As a follow-up to this earlier post I think its important to note that I have discovered how to search the entire NIST library from AMDIS! It is odd but this doesn’t seem to be well described in the manual so maybe I can help other GC-MS ninjas to get the most out of their data by describing it here.

The first thing you have to do after loading a results file, is to analyse it. You don’t need to use any particular library to do this, you just need AMDIS to identify all the component scans in the sample. Any identities assigned to targets in this step will be overwritten in the following one.

Next you have to select the “Search NIST Library…” option from the “Analyze” [sic] menu.


This will give you a bunch of familiar options. If you haven’t set any reasonably stringent conditions in your earlier analysis step then you might want to specify a threshold to the intensity of the spectra it searches in the highlighted box in the image below. This will save you quite a lot of time. Just make sure you’ve got the mainlib selected in the drop-down box at the bottom left.


I’ve tried this before and it just gave me an error message so I assumed it was a bug. Analytical software tends to be ridden with bugs and bits of it often just don’t work. As long as you try it on a file that’s already been analysed it will work though.

The output is exactly the same as that from any other AMDIS analysis. The only difference that I can see is that there is no way to automate this process,for batches of results files, unlike when using a custom library. At this stage I am prepared to accept this trade off for the extra hits you get from being able to exploit the ENTIRE NIST LIBRARY.


You can see here that I’ve had identities returned for 57 targets, using the filters mentioned above. This particular sample is giant squid ink that has been derivatised with MCF*. When I analyse it using the custom library for MCF derivatives I get 114 targets identified. This is pretty good for MCF derv, but when I use the full NIST library to search for matches for all 2592 components I get 192 target matches!
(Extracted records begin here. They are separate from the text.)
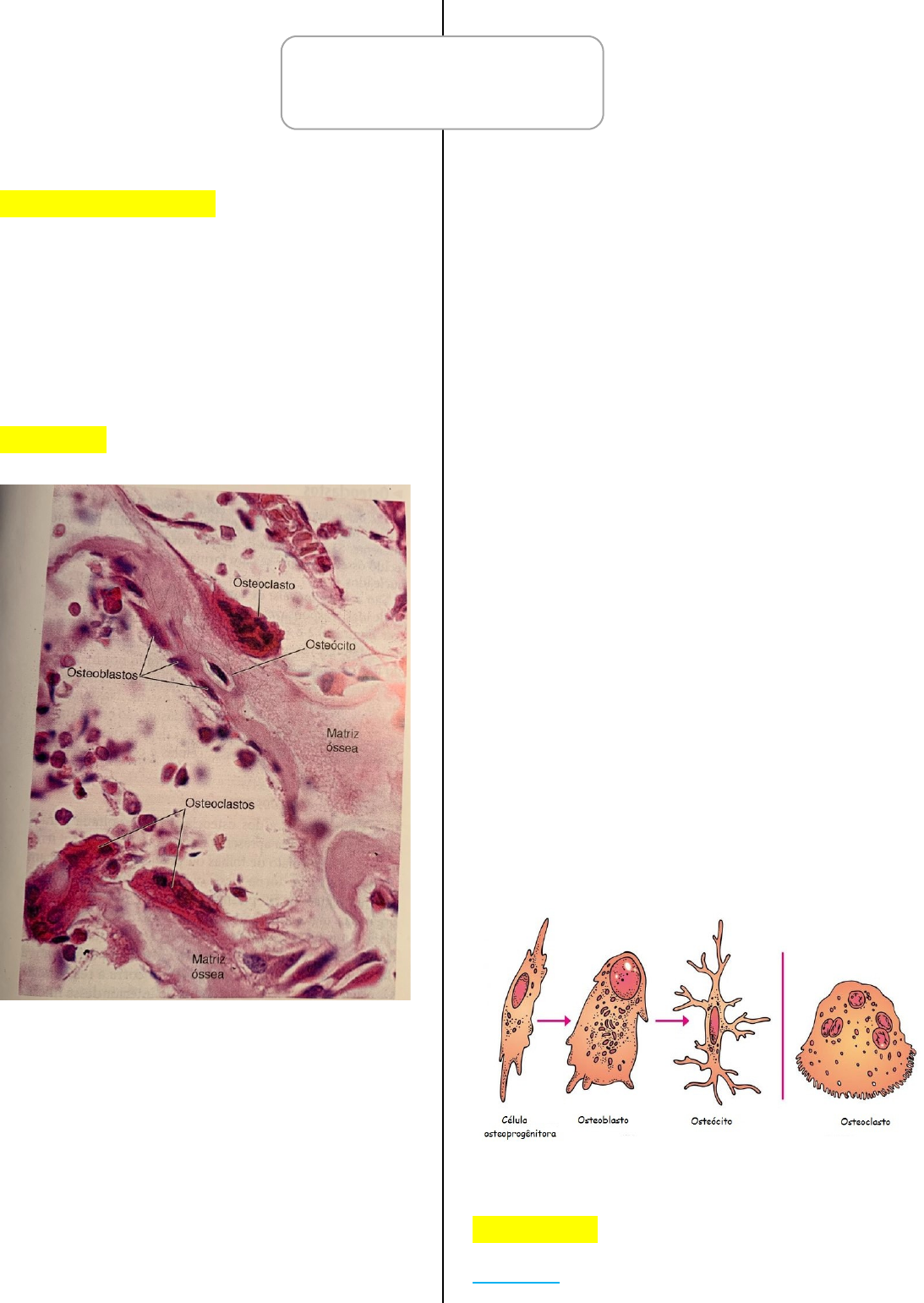 TECIDO ÓSSEO CARACTERÍSTICAS -faz parte do tecido conjuntivo -matriz extracelular mineralizada -suporte e proteção -depósito de cálcio e fosfato CÉLULAS Osteoprogenitoras -derivam das células tronco mesenquimais -originam osteoblastos Osteoblastos -sintetizam a parte orgânica da matriz -atividade sintética: intensa(cuboides) ou reduzida(achatadas) Osteócitos *encontrados no interior da matriz óssea e ocupam as lacunas. *canalículos :permite a nutrição (através da comunicação com outros osteóscito) Osteoclastos -células grandes -multinucleadas, ramificadas e móveis -reabsorvem o tecido ósseo(remodelação óssea) Matriz Óssea Orgânica: -colágeno tipo I -subst. Fundamental (proteoglicanos, glicoprotreínas) Inorgânica: -fosfato e cálcio REVESTIMENTO -derivadas dos osteoblasto -nutrição do tecido -fornece novos osteoblastos *Endósteo (interna) -células osteoprogenitoras *Periósteo (externa) -células osteoprogenitoras - Fibras de sharpey CLASSIFICAÇÃO *Estrutural 1)osso compacto 2)osso esponjoso *Formato 1)ossos longos 2)curtos 3)planos 4)ossos irregulares *Constituição Histológica 1)primário (não lamelar) -encontrado no desenvolvimento fetal -mais osteócitos -fibras desorganizadas - menos mineralizada 2)secundário (lamelar) - maior deposição mineral -fibras colágenas organizadas Lamelas organizadas formam o “canal de havers” (mais comum na periferia da diáfise de ossos longos) TIPOS DE OSSIFICAÇÃO 1)intramembranosa - centro de ossificação primário -produz matriz osteóide 2)endocondral -molde de cartilagem hialina -formação de ossos curtos e longos Obs: disco epifisário: Disco de cartilagem hialina que não foi penetrado por tecido ósseo durante a ossificação. -entre a diáfise e as epífises -crescimento longitudinal dos ossos ARTICULAÇÕES Pontos de união entre ossos 1)sinartroses -sinostoses :unidos por tecidos ósseos Ex: ossos do crânio -sincondroses :cartilagem hialina Ex: articulação da 1 costela -sindesmoses: tecido conjuntivo denso Ex: sínfise púbica 2)diartroses -união de ossos longos -cápsula articular -cavidade articular: líquido sinovial REMODELAÇÃO ÓSSEA image1.png image2.jpeg image3.jpeg image4.png
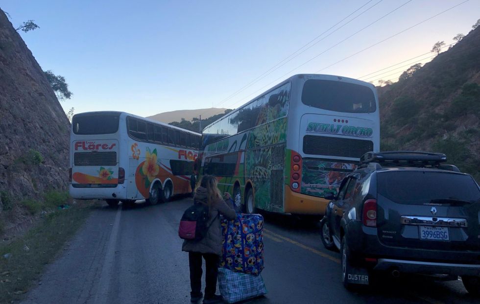 Por el bloqueo, varios buses provenientes del occidente del país quedaron detenidos en la vía, obligando a los pasajeros a descender y continuar a pie, incluso cargando su equipaje.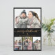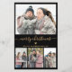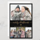 Budget Elegant, Minimalist, Modern Black and Gold 4 Photo Collage Merry Christmas Script Holiday Thin Card. Note: thinner than postcard! This festive, minimal four (4) photo holiday card template features a pretty photo collage, a little doodle heart and says Merry Christmas! The „Merry Christmas” greeting text is written in a beautiful gold hand lettered typography swash-tail font type on black colour background. On the reverse side features greeting text template, little black doodle heart and pine trees on white background. Pretty, cute, cheap thin greeting card is a great choice for your family and friends in this Christmas and Holiday season.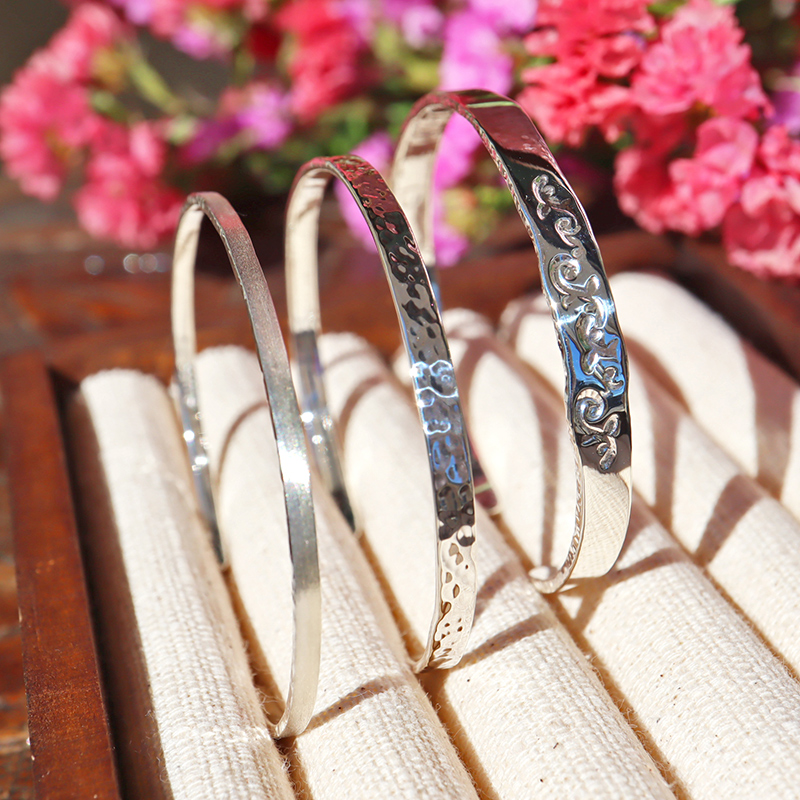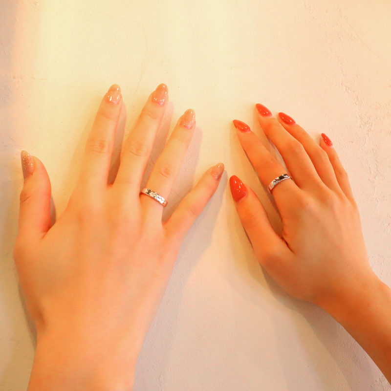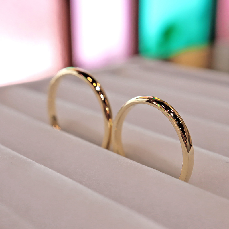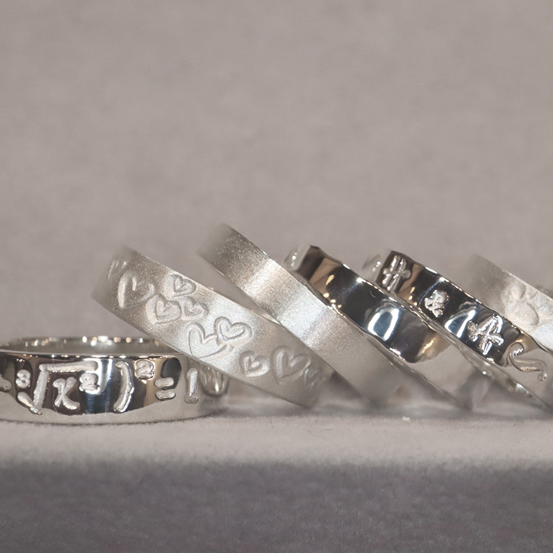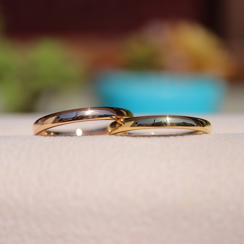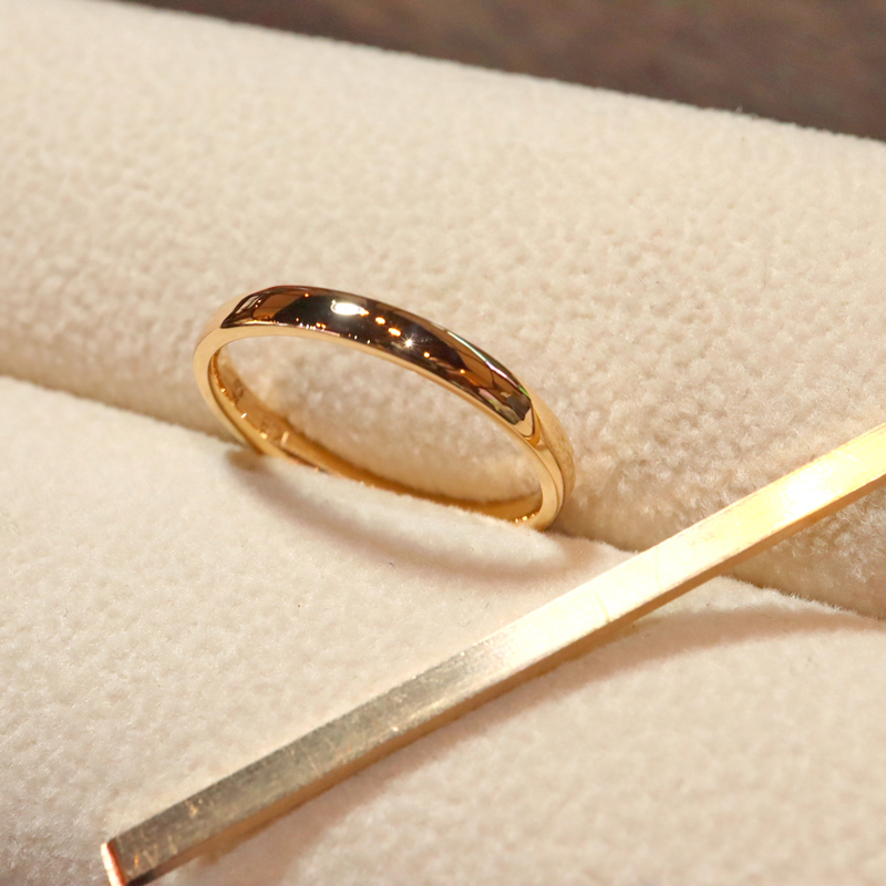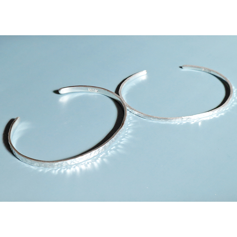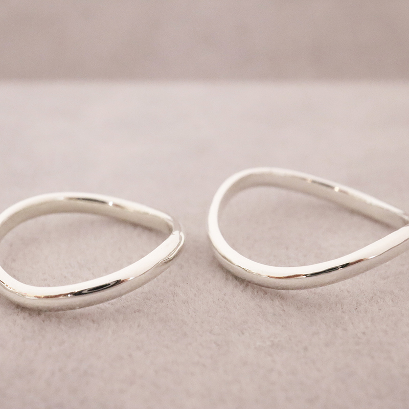 バングルは楕円の形に、指輪は真円にしてサイズ調整をします。

I haven’t done any robust investigations of the accuracy of the full NIST results but they seem superficially relevant. I’m confident the results will at least compliment the MCF-specific results. Watch this space for more detail.

*How awesome is that?

Antarctic cyanobacterial mat

Cyanobacteria are crazily robust organisms. They can thrive pretty much anywhere damp: The surface of desert rocks, oceans, in soil, lakes, the trunks of trees and even your house. Seriously, there’ll be a few squillion of them living in the biofilm that flourishes in the damp corners of the external surfaces of your house. 

I’ve been lucky enough to get to work with some of the samples of cyanobacterial mat from Antarctica that were brought back from a recent research expedition there that AUT School of Applied Sciences were involved in.


The idea is to establish what photosynthetic pigments they contain as a way of identifying them and of ground-truthing the hyperspectral data collected by the UAV Len was flying down there. So I’ve spent much of today grinding, weighing and pouring alternately liquid nitrogen and acetone. Scientific fun!


The extracts are in the fridge, in the dark, awaiting spectrophotometric, fluorometric and LC-DAD-FLD-MS analyses tomorrow.